Diageo has hit back at the proposals in today’s Health Select Committee report that posits greater restrictions on alcohol pricing and promotion
Simon Litherland, managing director of Diageo GB, owner of brands such as Smirnoff and Guinness, says: “We recognise that alcohol misuse is a matter of serious concern for us all, but we are extremely disappointed by the committee’s divisive approach. This report represents yet another attempt by aggressive sections of the health lobby to hijack alcohol policy-making. It seeks to marginalise the role of industry in helping to tackle the problem of alcohol misuse.

He adds that many of the population wide measures proposed by the Committee today (8 January) would punish responsible drinkers but do nothing to address the minority of problem drinkers.
“Over a third of alcohol is consumed by less than a tenth of the population, which clearly suggests that targeted interventions would be much more effective and appropriate.”
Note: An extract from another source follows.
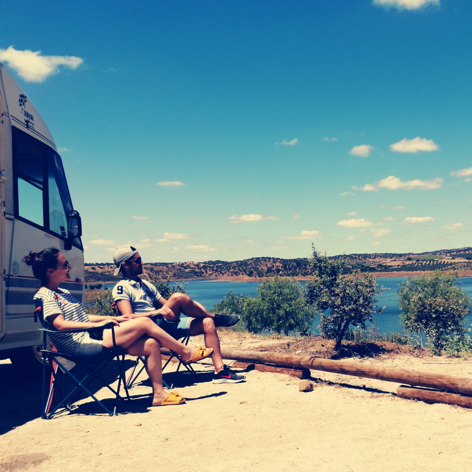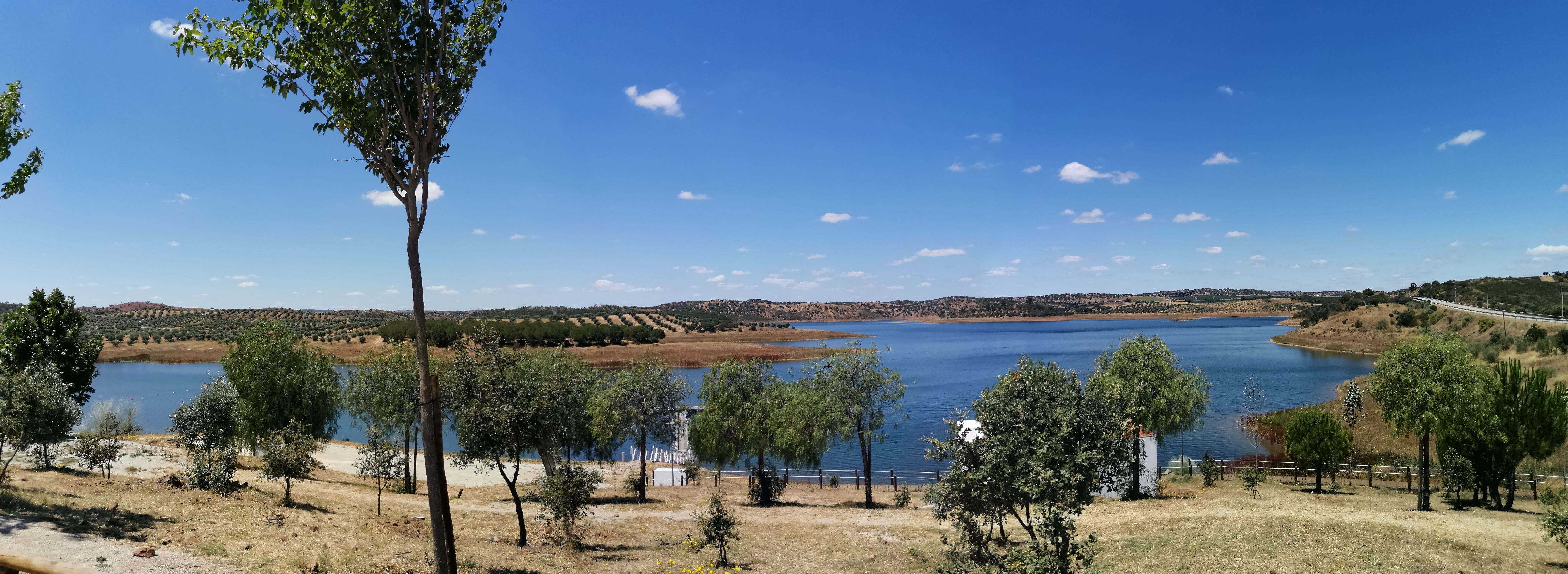 No dia anterior, estacionámos junto a um braço do Alqueva, mais concretamente na praia fluvial da Amieira, mas sem noção da vista incrível que obteríamos assim que corrêssemos as cortinas da autocaravana na manhã seguinte. E assim foi: o acordar foi encantador, ficámos completamente deslumbrados com o local onde estávamos e a paisagem que tínhamos à nossa frente.

He says that proposals for minimum pricing, at 50p per unit and duty increases are based on the false notion that higher prices will reduce excessive consumption amongst those groups most at risk but there is little evidence to support this and the Committee itself was divided on the efficacy of this approach.

Litherland is also disturbed by the “disproportionate focus” on spirits and points out that the Committee’s recommendations on duty, were they to be adopted, could potentially double the price of a bottle Bell’s, the UK’s favourite Scotch whisky, to around £23.

“The draconian proposals on alcohol advertising and sponsorship lack a credible evidence base. They amount to an effective ban, which would have serious repercussions for the sports concerned, the media and advertising industries.

“Fundamentally, we believe that the committee has missed an opportunity to identify policies that will really make a difference. They have recommended blunt top down legislative solutions, which overlook the proven effectiveness of a partnership approach across a wide range of stakeholders, including industry.”

The drinks industry is working alongside The Drinkaware Trust on a £100 million five-year Campaign for Smarter Drinking initiative , which aims to change the current drinking culture in the UK.
Other bodies supportive of self-regulation in the marketing and promotion of alcohol have spoken out. The Advertising Standards Authority, which regulates all non-broadcast advertising says: “As a regulator the ASA is independent of both Government and industry… the UK’s advertising regulatory regime for alcohol is one of the strictest in the world. The ASA regularly upholds complaints against major companies, demonstrating that the mandatory Codes are strictly applied.
“It is difficult to see what the benefits of a fragmented regulatory system might be - the regulatory system for advertising is already quick and effective in responding to public concerns and having problem ads withdrawn.”

Paul Sullivan, marketing director at brewery Wadworth, says: “Alcohol is a cultural issue and needs to be addressed as such over a period of time. The management of the few who drink to excess and are responsible for anti social behaviour will not be through reduction in music sponsorship or public health adverts or back label messages, but grass roots education and sensible implementation of the licensing laws already in place. Clearly alcohol is the new tobacco and today’s research will be yesterday’s hokum.

“Marketing needs to be sensible in the way it portrays alcohol especially if we want our drinkers to treat our product sensibly. If the reality is that brands are truly the domain of the consumer rather than the marketer which is my understanding then the solution to the alcohol issue is the re-education of the consumer from an early age. Over control will lead to increased desire by the parties that aren’t supposed to have it and small clubs, teams, festivals and communities that operate at the bottom end of the marketing spectrum will suffer.”